Yes, Amy Speace is another girl with a guitar. But on The Killer in Me, she proves that she’s more than fierce enough to rock the scowl that she bares on the album’s front cover. While there aren’t any surprises when it comes to the instrumentation or song structure, Speace maximizes traditional elements to blend her songs into a good variety, all of which are carried by her strong voice. Further, she manages to concoct a persona equal parts innocence and experience through the varied subject matter and her delivery of it. She doesn’t entirely transcend all the pitfalls that come with the folk-pop genre territory, but she does a good job keeping your ears distracted from them.


Speace’s voice is a definite highlight of the album. Her natural voice has a folk-pop duskiness to it like Brandi Carlisle’s, but Speace wields her voice like an instrument, letting it take on a variety of sounds throughout the album. It never sounds weak or thin, but she has some lovely moments of vulnerability, such as in “Haven’t Learned a Thing”. “Better” displays more of a contemporary country sound, and “Blue Horizon” evokes more classic folksingers like Nanci Griffith. She uses her voice with equal strength and flexibility no matter what the nature of the music—both the blues-inflected “Would I Lie” and the old-timey “I Met My Love” are delivered with panache and elegance.

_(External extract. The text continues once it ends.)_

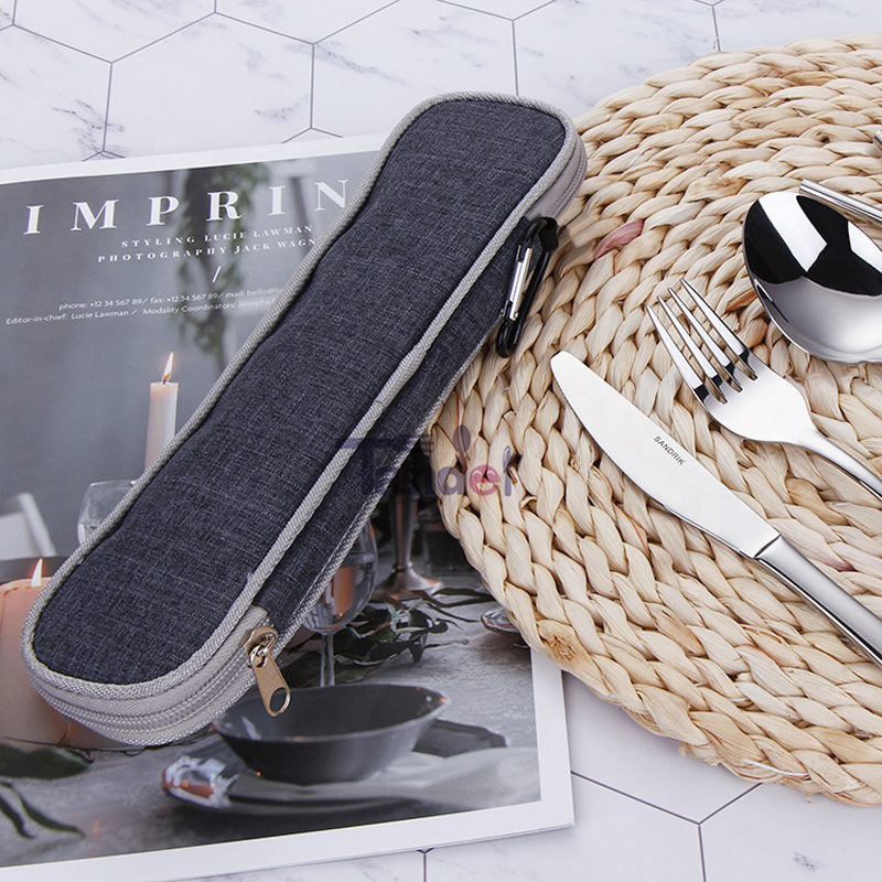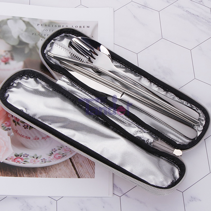 Bærbart rustfrit stål camping rejse bestik sæt med taske

For a strong songwriter like Speace, it’s disappointing that her lyrical themes are so familiar. Within contemporary folk, there are certain staples that most mid-grade artists deliver: there’s the “what have I learned” song, the “sometimes it’s this and sometimes it’s that” song, to name two. Speace does a winning job of the “what have I learned” song with “Haven’t Learned a Thing”, but the idea of a long exploration only to end up nowhere has worn thin in folk music. Similarly, “This Love” is sometimes trite and sometimes hackneyed but never the best that a songwriter like Speace can do.

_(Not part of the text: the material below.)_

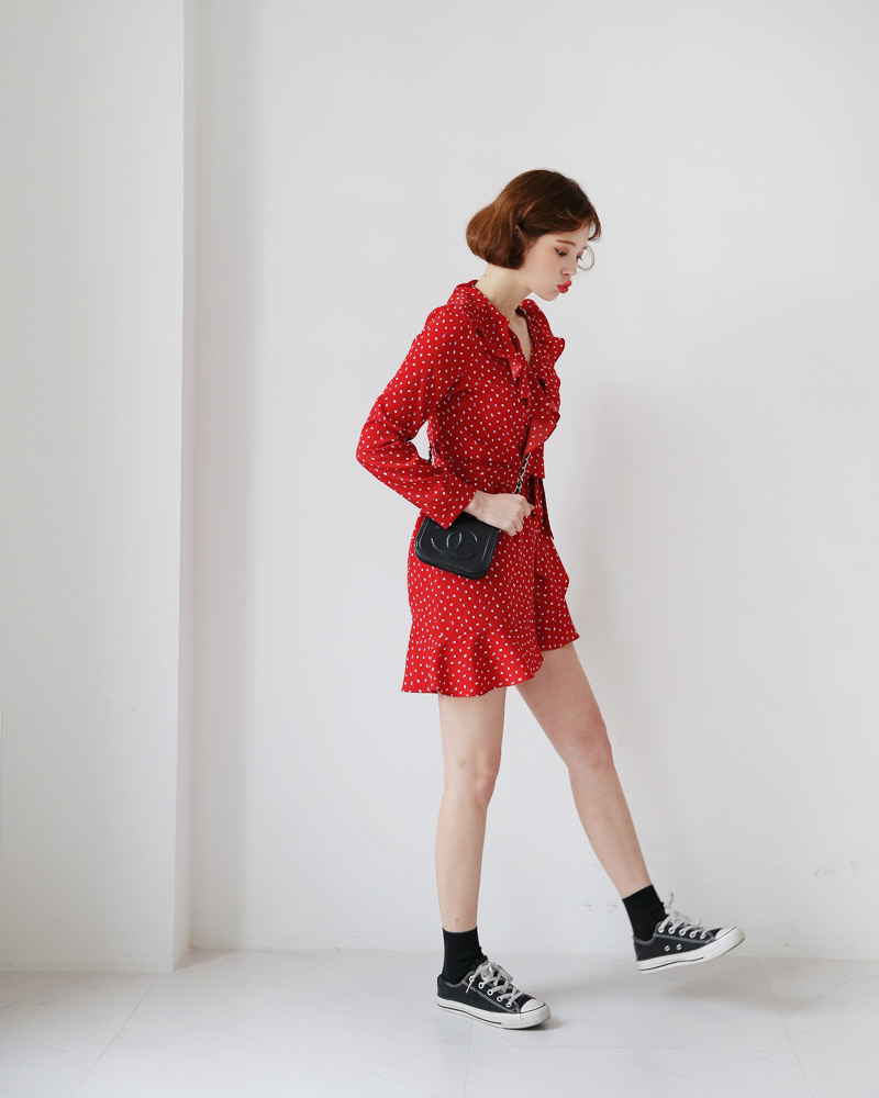 - ネック、裾のフリルディテールでラブリーさをよりいたします

Don’t be fooled by these flaws, though. Speace’s songwriting is generally high above par, both lyrically and musically. The first track, “Dog Days”, is a song of innocence with an impossibly catchy chorus. The other songs move through various musical terrains—blues, country, and folk-pop are all here—and myriad subject themes, all of which touch on existential themes such as loss, death, and love. She deals with all of them deftly: “if I die before my mother / let me fly beyond the blue / and paint the moon the color of her eyes”, she sings on “Blue Horizon”. “You stood there like a stoic / you made me feel so claustrophic” goes one incisive couplet from “Haven’t Learned a Thing”. One of the most beautiful of her songwriting choices is instrumental; “Storm Warning” ends with a minute and a half of fingerpicked guitar and minimal percussion, as Speace adds ambient backing vocals that gently build to the song’s ecstatic finish.